Georgia is the more talented team, and the Sanford Stadium environment when the teams kick off at 8 p.m. on Saturday night will provide the home team with a decided edge.
Still, Coach Kirby Smart and some of his current players have proven before they aren’t perfect, and Notre Dame will be looking for any sort of break or momentum it can find between the hedges.
Here are three things the Bulldogs must avoid against the Irish.
Special teams miscues
Smart says he attends most every special teams meeting to make sure his players know the importance of the units. They should already get the hint by the fact UGA utilizes its best players on them.
Still, things happen, as Georgia fans recently saw when otherwise reliable kicker Rodrigo Blankenship missed a 30-yard field goal that would have put the Bulldogs up 17 points in the third quarter of last season’s SEC Championship Game. The Alabama sideline came to life with the miss, and the rest is history.
“The rest” included a fourth quarter fake punt Georgia had been working on all season, but a former UGA backup quarterback was late snapping the ball, Alabama adjusted, and a now-infamous moment unfolded.
A failed early fake field goal at LSU last season also strikes many as ranking among the more regrettable play calls, even if the intent was understandable.
Smart will not likely feel pressed to reach for momentum-changing plays on special teams against Notre Dame.
Blankenship has returned to his steady ways since the SEC title game miss, a perfect 5-for-5 on field goals this season.
Georgia safety Richard LeCounte joked in fall camp about how Smart calls him “Rat Trap Richie” when he misses assignments by trying too hard to help in other areas of the field.
But blown assignments are no joke on a defense that has been almost exclusively recruited and coached up by Smart.
Some so-called Rat-Trap defense took place against Murray State after defensive back Mark Webb got beat on a slant route by a Florida transfer, and there was no UGA safety in the middle of the field to prevent the 60-yard TD pass.
It’s the only defensive score the Bulldogs have yielded through three games.

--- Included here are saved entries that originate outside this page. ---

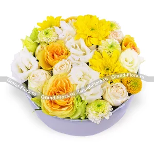 Твой апрель - коробка с желтыми кустовыми розами и хризантемами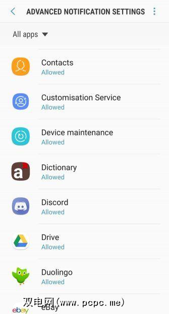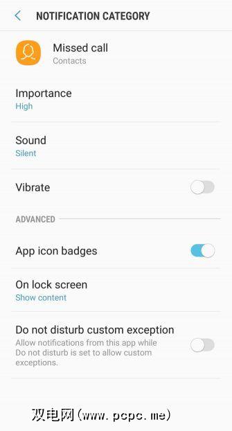 否则,打开设置并点击通知>高级>联系人>未接来电强>。点击重要,并将其设置为紧急。您也可以点击声音并设置其他声音。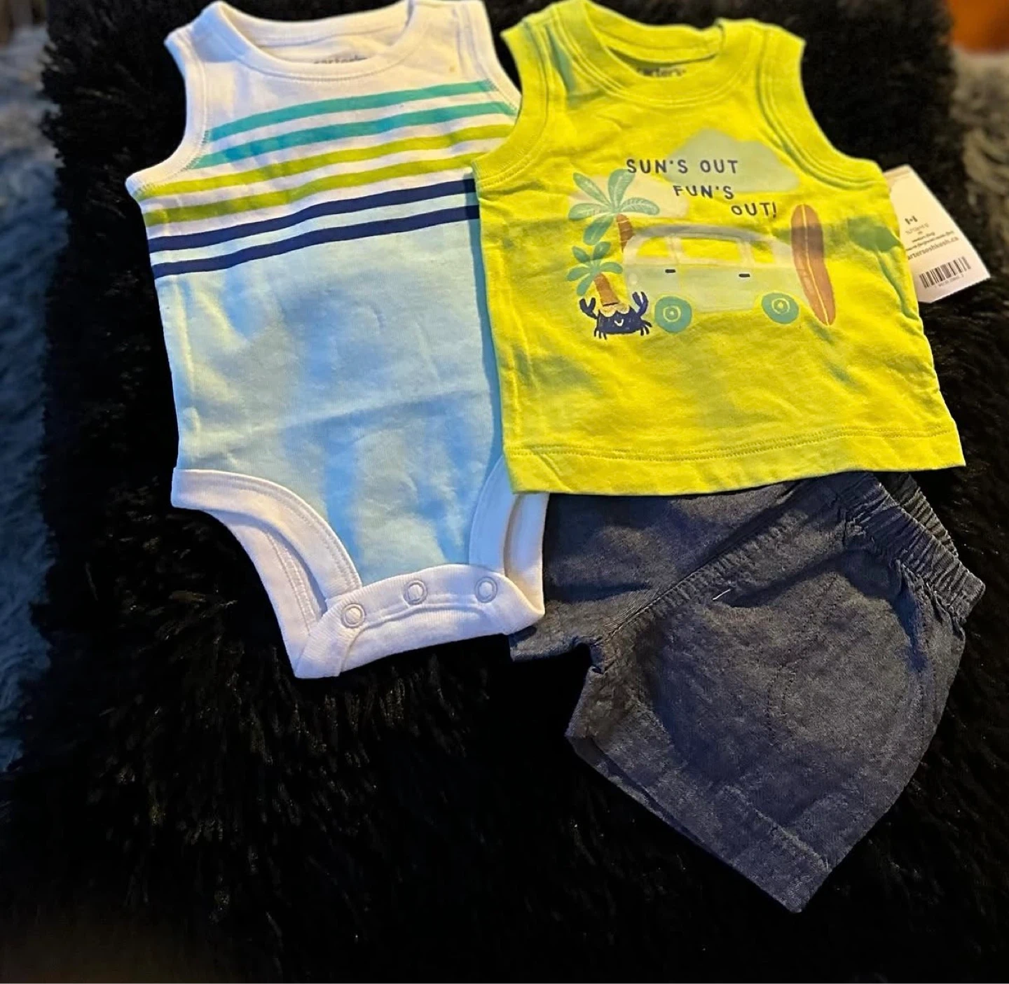 This adorable set includes a striped bodysuit and a graphic tank top with shorts. Both pieces are sleeveless and made from soft cotton. It's perfect for warm weather fun!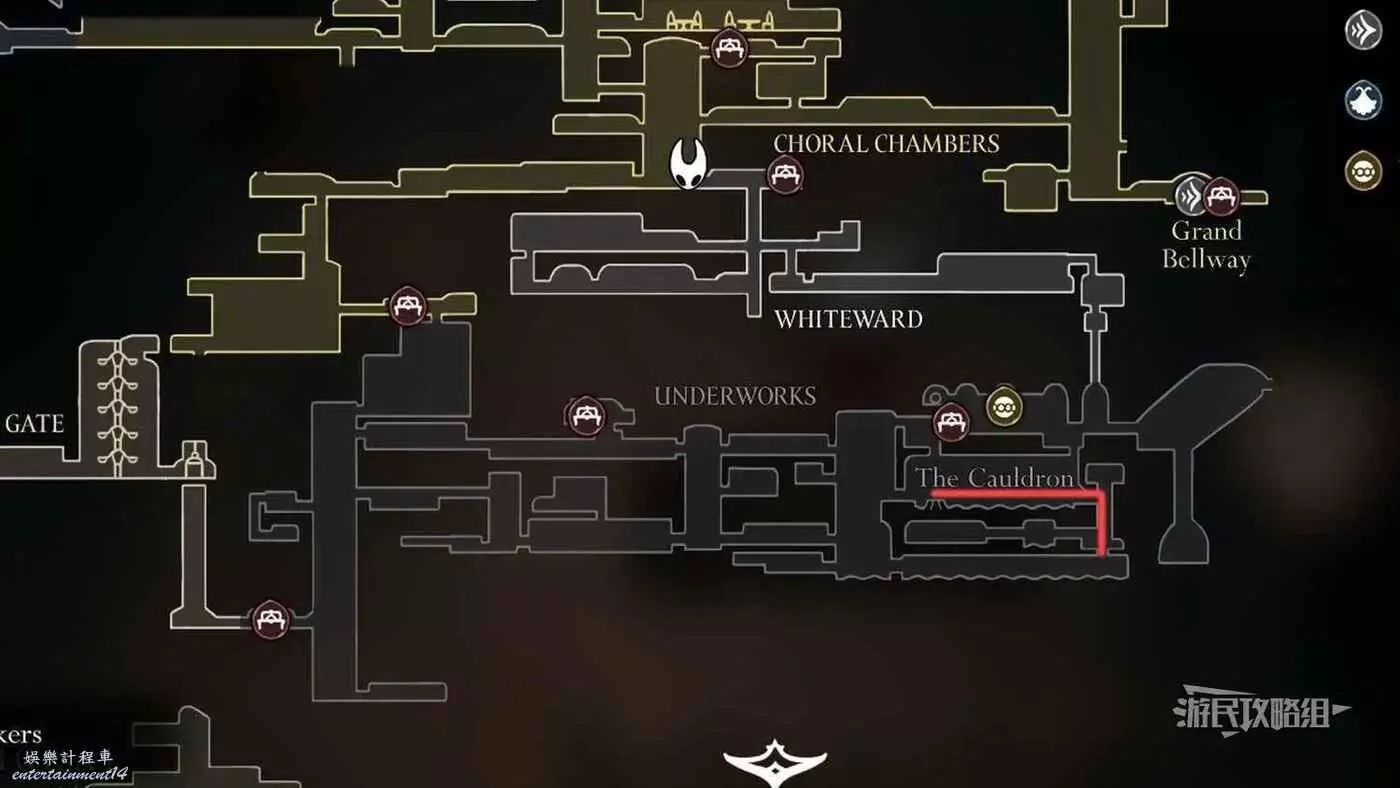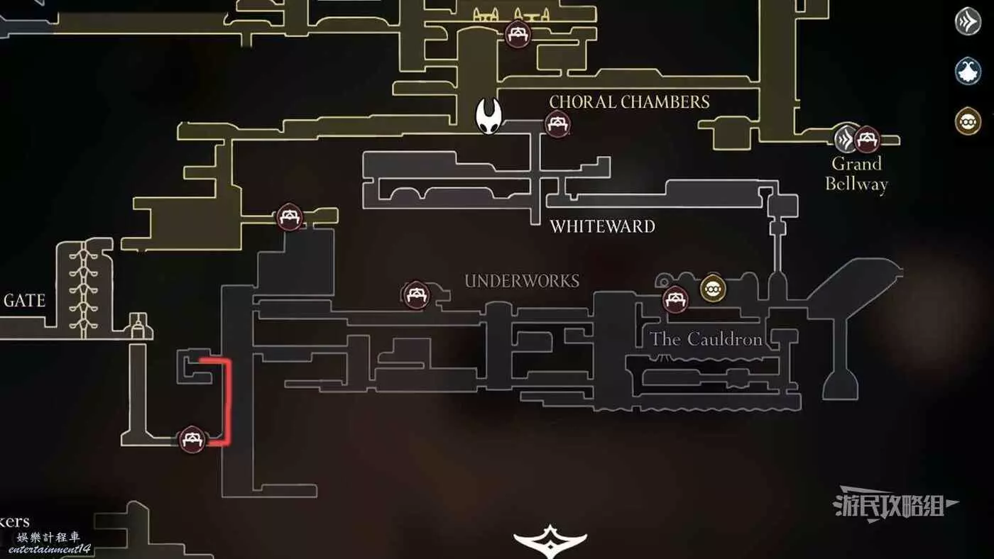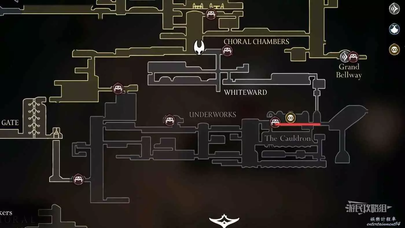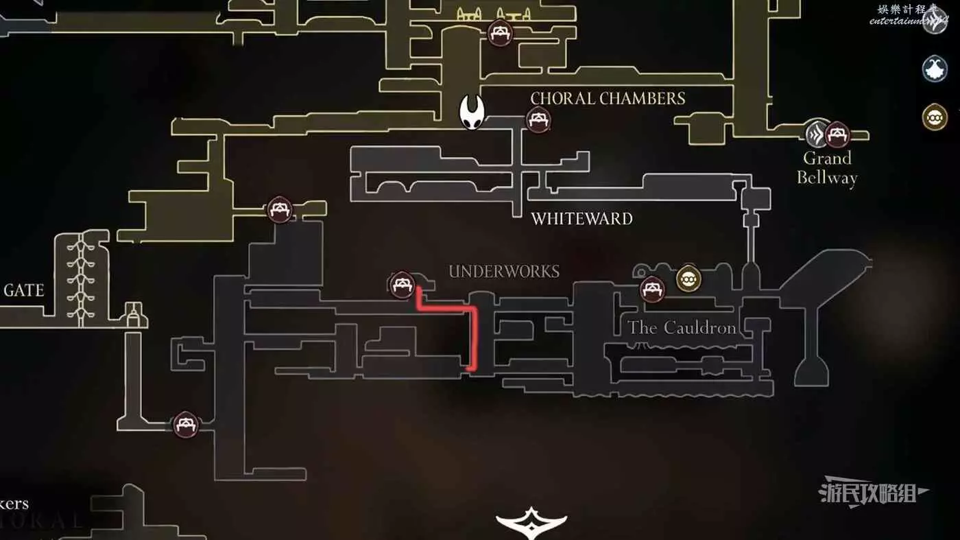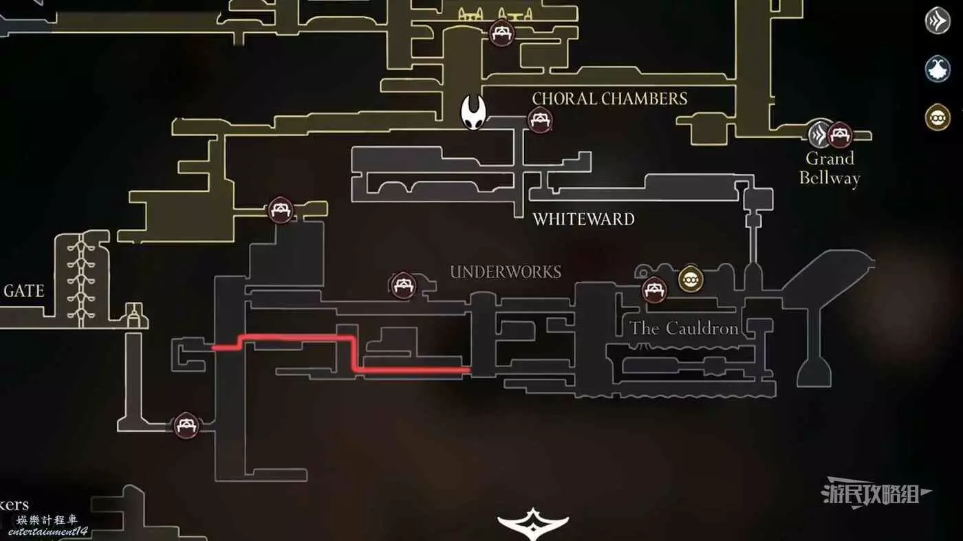 進入右側房間,在房間左下角可以拿到白愈廳地圖。拿到地圖後繼續往右走,直到看見一條通往下方的狹窄通道,往下走後返回聖堡工廠。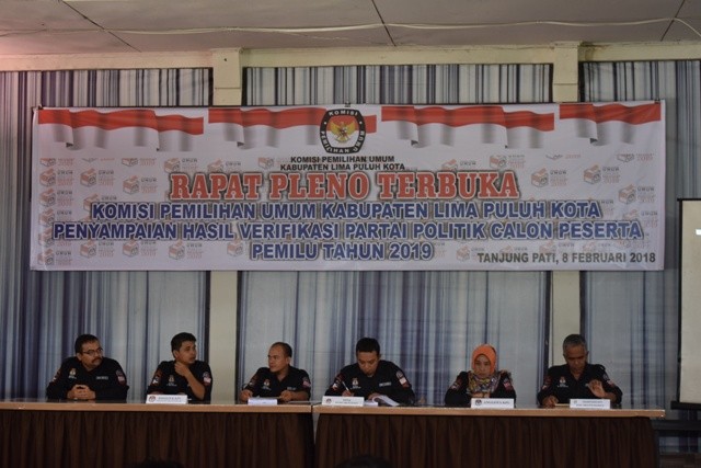 KPU Lima Puluh Kota melaksanakan Rapat Pleno Terbuka Penetapan Hasil Verifikasi Partai Politik Calon Peserta Pemilu Tahun 2019, pada hari kamis tanggal 8 Februari 2018 di Sago Bungsu Tanjung Pati. Acara dimulai sekitar pukul 14.00 WIB yang dihadiri oleh Bupati Lima Puluh Kota yang diwakili oleh Sekda, DPRD Lima Puluh Kota, Polres Lima Puluh Kota, Polres Kota Payakumbuh, Ketua Panwaslu beserta anggota, Kesbangpol, Pimpinan Partai politik dari 15 partai yang telah diverifikasi yaitu BERKARYA, DEMOKRAT, GARUDA, GERINDRA, GOLKAR, HANURA, NASDEM, PAN, PBB,PDI-P, PERINDO, PKB, PKS, PPP, dan PSI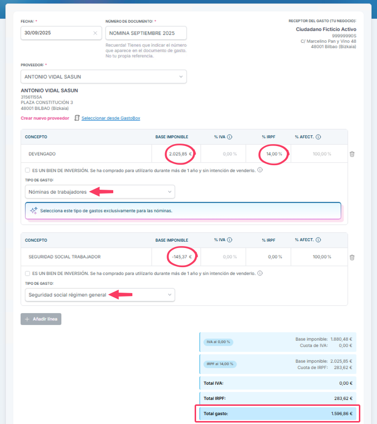 - En el total del gasto deberá aparecerte el importe líquido de la nómina.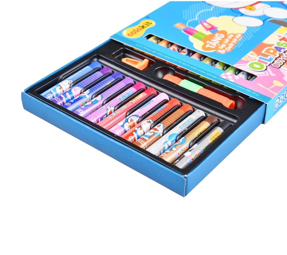 Bút sáp dầu Colokit Doraemon có 12/18/24 màu sắc đậm, tươi sáng giúp bức tranh trở nên có hồn và có chiều sâu hơn. Đặc biệt, trong mỗi sản phẩm có tặng kèm 1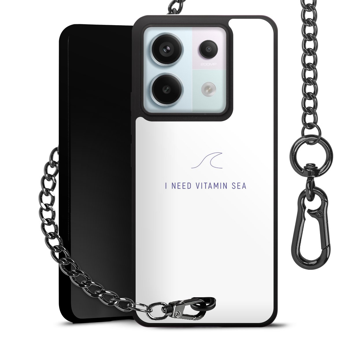 • Mattschwarze Handyhülle mit Metallkette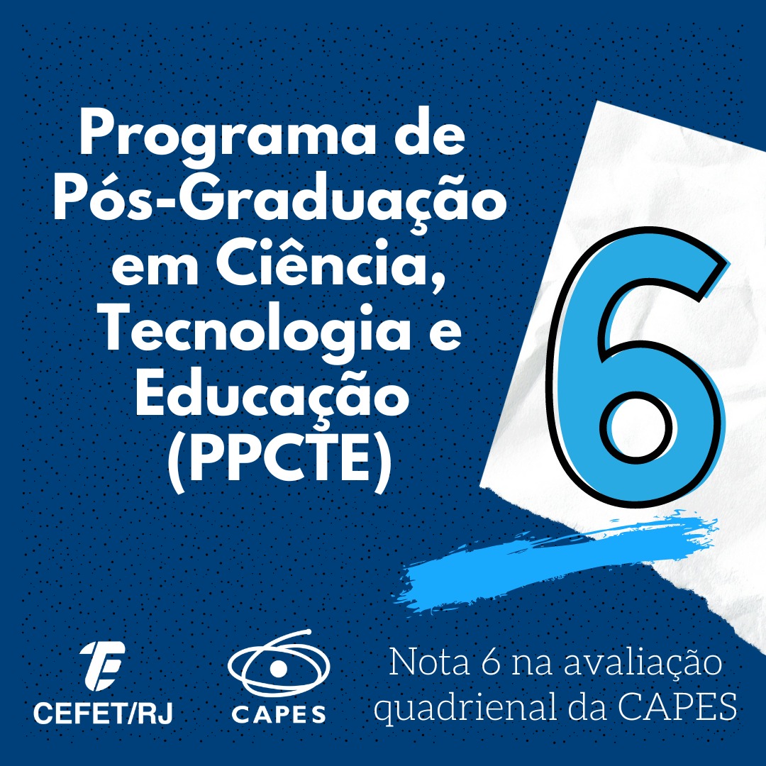 O Programa de Pós-Graduação em Ciência, Tecnologia e Educação (PPCTE) do Cefet/RJ recebeu nota 6 na avaliação quadrienal da CAPES, a maior obtida por um programa da Rede Federal de Educação Profissional, Científica e Tecnológica.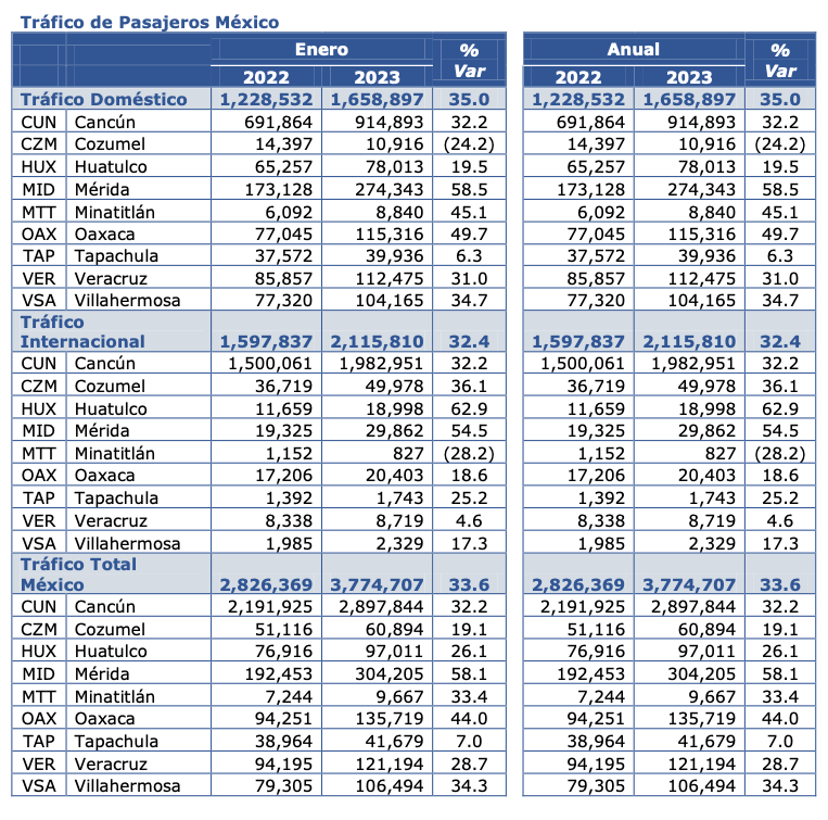 En cuanto a su total como grupo, incluidas sus operaciones en México, Estados Unidos y Colombia, ASUR informó que el tráfico total de pasajeros para enero de 2023 alcanzó un total de 6.3 millones de pasajeros, representando un incremento del 29.8 por ciento respecto a enero de 2022.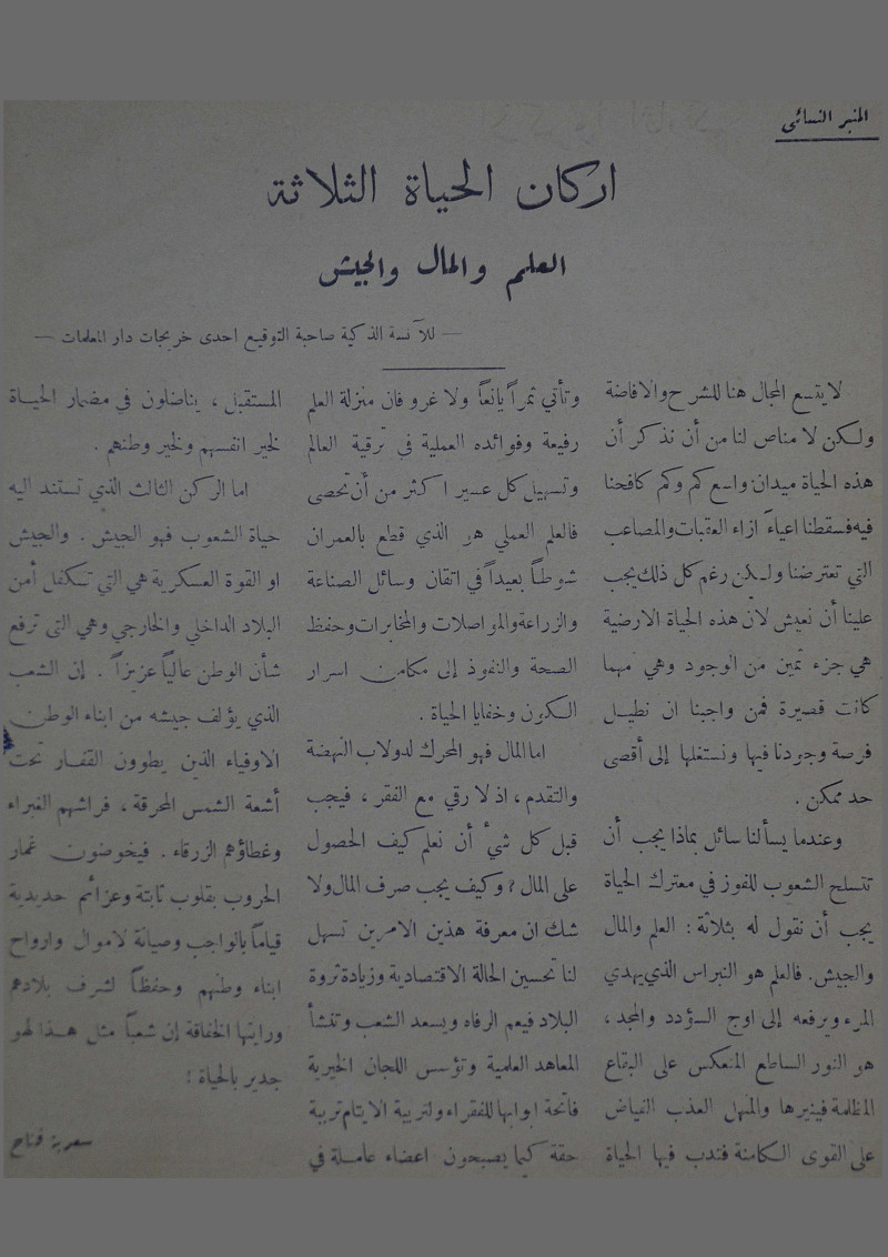 اركان الحياة الثلاثة : العلم والمال والجيش :

Georgia lost last season’s SEC Championship Game after D’Andre Walker was injured because there wasn’t another outside linebacker on the team who understood or was capable of containment, as then Tide QB Jalen Hurts joyously discovered during a comeback
A certain national championship game was also lost because of broken assignments on a second-and-26 play that will live in Georgia infamy.
Enough said. Smart’s defense needs to be assignment sound.
Jake Fromm is about as good as it gets when taking care of the football, so interceptions do not figure to be a factor for the Bulldogs offense against Notre Dame.
A couple weeks ago, however, Smart had a number of players doing extra work on ball security after three fumbles in the first two games of the season (two lost).
The Sugar Bowl debacle was the latest example that even the best can have bad days.
In this case “The Best” is a player who is expected to carry a heavy load against the Irish.
Talback D’Andre Swift inexplicably fumbled twice against the Longhorns, losing one of them including a gift that handed Texas field position for a 14-0 lead and a ton of momentum.
It was the worst night of Swift’s otherwise brilliant career at Georgia, as he finished with 8 carries for just 12 yards.
Swift and the Bulldogs return to the national stage for the first time since their embarrassing Sugar Bowl defeat, ready to prove worthy of their lofty ranking.